Their Happiness From A Distant Star album was almost as good, was one of the greatest albums ever, with some of the greatest songs ever. Single ‘The Moon And The Mothership’ had more trademark swirling organs and horns and recited the tale of an acquaintance going a bit mental on a transatlantic flight and thereafter becoming an aliens obsessive: a bit like Fox Mulder from Hackney. It included the epic line 'it changed his life he said, with seven Phil Dick books in a pile’ and was like all the best Animals That Swim songs funny and sad in almost equal measures. Then there was ‘Dirt’, a downbeat gem with misty keyboards; a heavy shouldered mumble down the lanes, weighed down with too many memories and too few hopes.

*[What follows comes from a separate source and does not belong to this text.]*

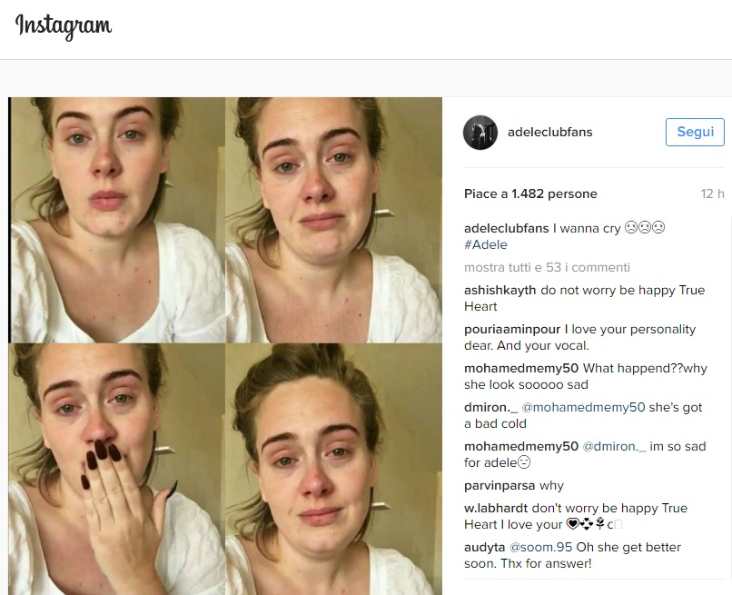 PHOENIX – Adele appare in un video senza trucco e raffreddata. Le immagini sono state pubblicate all’interno del suo profilo Instagram con l’intento di mostrare ai fan il motivo per cui il concerto di Phoenix è stato annullato: Adele è molto raffreddata e non è in grado, in queste ore, di salire su un palco.

It had another of those great lines that went 'my feet will understand the layers of ages in the soil', words that always seemed to me to get to the root of what made Animals That Swim so unique and so utterly special: You see, Animals That Swim were always about getting in touch with the earthiness of humanity; understood implicitly the value of personal histories and the way in which those very personal and specific tales can become so much more universal than vague generalisations like ‘all you need is love’. Or maybe it’s just that I’m a sucker for a great story.

Animals That Swim were certainly one great unravelling story, and whilst for sure there will be arguments in the pub between fans about the track listing (‘What?! No ‘Vic’?! No ‘Sixteen Letters’?! No ‘Near The Moon’?! No ‘A Good Day For Everyone’?!’) Faded Glamour is a wonderful introduction to a magnificent pleasure.